Three Gaps, One Branch
The hybrid orchestration epic shipped last session. What it left behind were three follow-up issues — not defects exactly, more like threads that were cut short when the scope boundary was drawn.
The most interesting one was #620: signalAndAwait() hangs when a worker throws and retries are exhausted. I knew signalId threaded through the success path — WorkflowExecutionCompleted carries it, the handler calls recordCompletion(), settlement resolves. What I hadn’t traced was the failure path. WorkerRetryContext had no signalId field. The entire retry/exhaust flow was invisible to the settlement tracker.
The fix itself was mechanical: add the field, thread it through the Quartz JobDataMap for retries, through WorkerRetriesExhaustedEvent for exhaustion, and have the handler call recordCompletion(). But the investigation turned up a second gap — the guard quarantine path in WorkerScheduleEventHandler publishes WorkerRetriesExhaustedEvent when a worker is blocked, and that path also dropped signalId despite event.signalId() being right there.
While touching WorkerRetriesExhaustedEvent, I noticed it had tenancyId at position 5. The spi-event-tenancyid-component-order protocol says position 2. Breaking change to a record constructor — every call site needs updating. No end users, so the migration was just grep-and-fix across test files.
The second issue (#621) was a small perf fix that taught me something about DefaultCasePlanModel. SequentialPlanningStrategy.select() was calling getAllPlanItems() — which does List.copyOf(itemsById.values()) — then streaming the result into a Map<String, PlanItem> on every context-change cycle. The obvious fix was to use getPlanItemByBindingName(), which already exists. But that method filters to active items only — PENDING, RUNNING, DELEGATED. The strategy needs to see COMPLETED items to skip forward in the sequence.
The underlying issue: the internal map (activeByBinding) retains terminal items because nothing cleans them up — but getPlanItemByBindingName() filters them out, and hasActivePlanItem() lazily removes them. The same data structure, three different access semantics depending on which method you call. I added findPlanItemByBindingName() as a default method on CasePlanModel — any-status lookup, O(1), zero allocation. Renamed the internal map to latestByBinding to stop the name from lying about what it contains.

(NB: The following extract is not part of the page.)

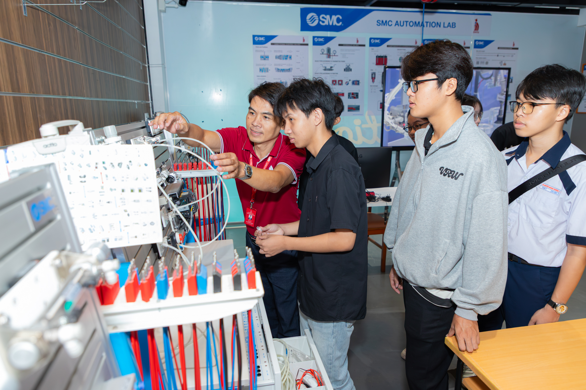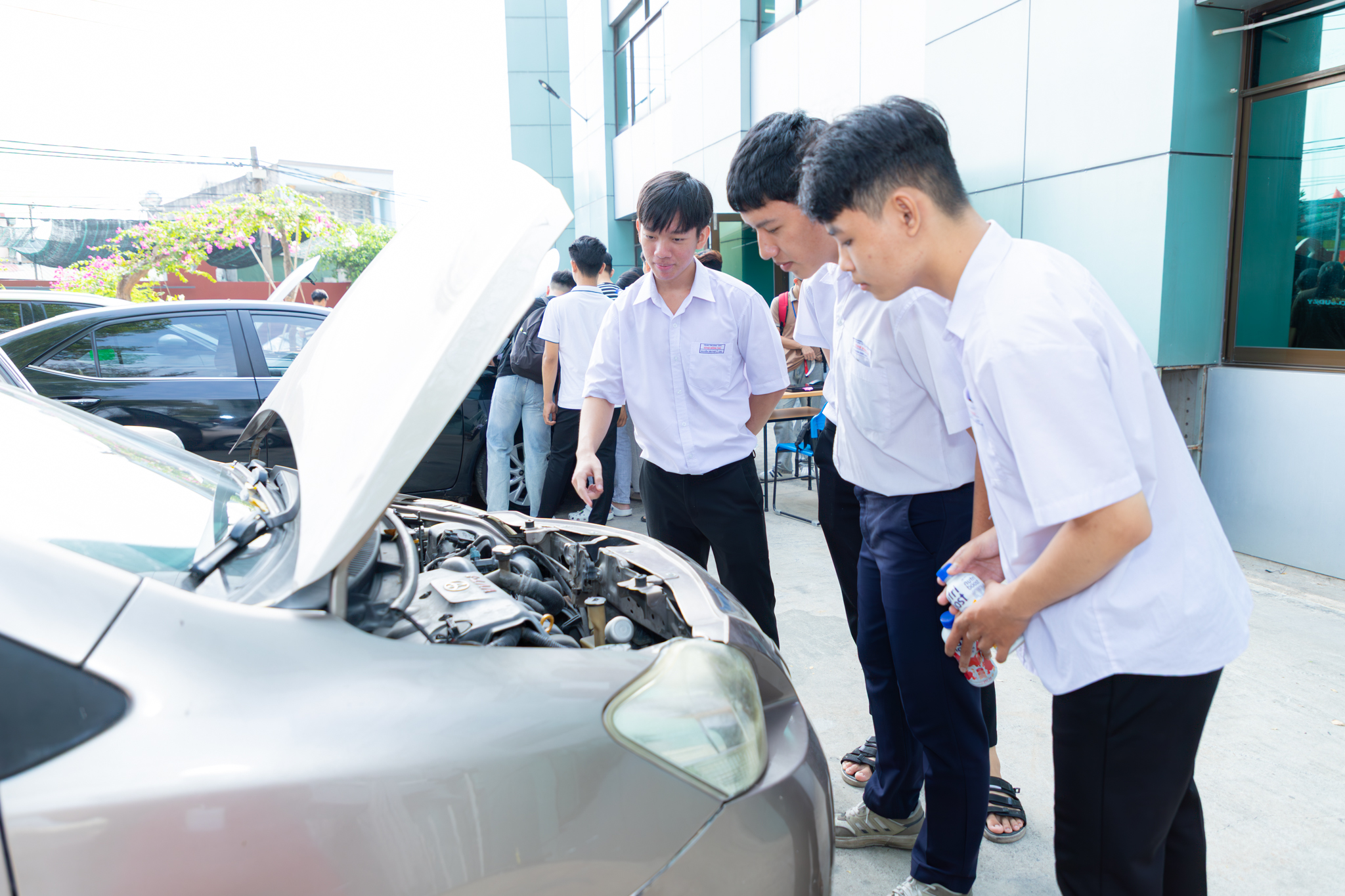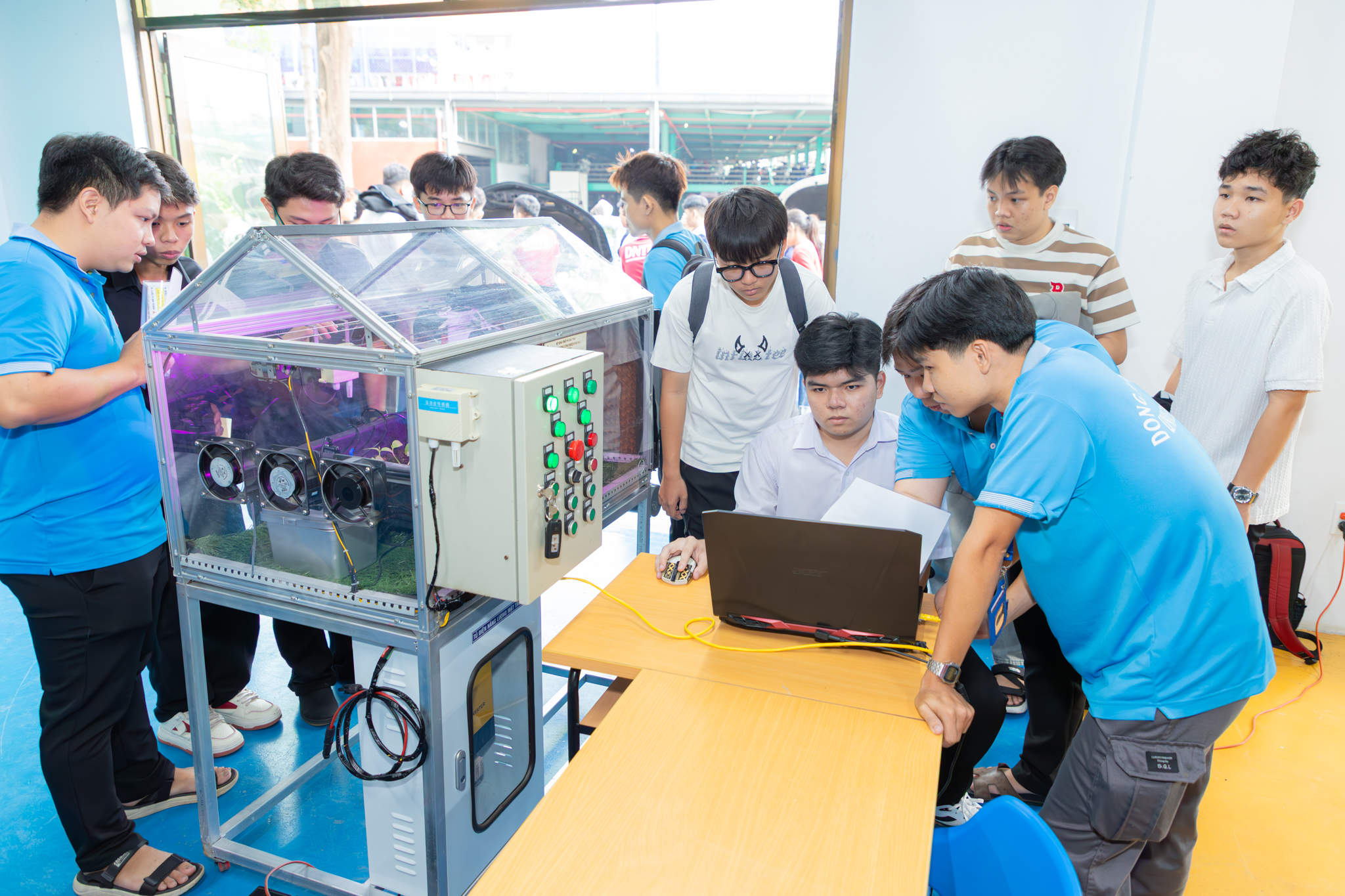 Tại khu trải nghiệm, học sinh được trực tiếp khám phá nhiều không gian thực hành và mô hình công nghệ đặc trưng của nhóm ngành kỹ thuật. Các hoạt động nổi bật bao gồm: tìm hiểu các mô hình sáng tạo từ CLB SRC, khám phá hệ thống tự động hóa tại SMC – Automation Lab, trải nghiệm ứng dụng năng lượng tái tạo trong kỹ thuật, tiếp cận công nghệ thực tế ảo (VR) cũng như quan sát quy trình thực hành máy móc theo phương pháp Kaizen.

The third (#622) was the simplest: buildBulkSignalEventLog() stored {"type": "bulk_signal"} as the payload — no record of what was actually updated. A signal that changes result and score looked identical in the audit trail to one that changes status and deadline. The fix adds the full updates map to the payload and the key names to metadata for fast filtering.
The pattern across all three: each gap was invisible from the API surface. The success path worked, tests passed, the feature shipped. The gaps lived in paths that only fire under specific failure conditions, or under load, or when an auditor queries the event log. The kind of thing you find when you trace a flow from end to end rather than reading a single handler.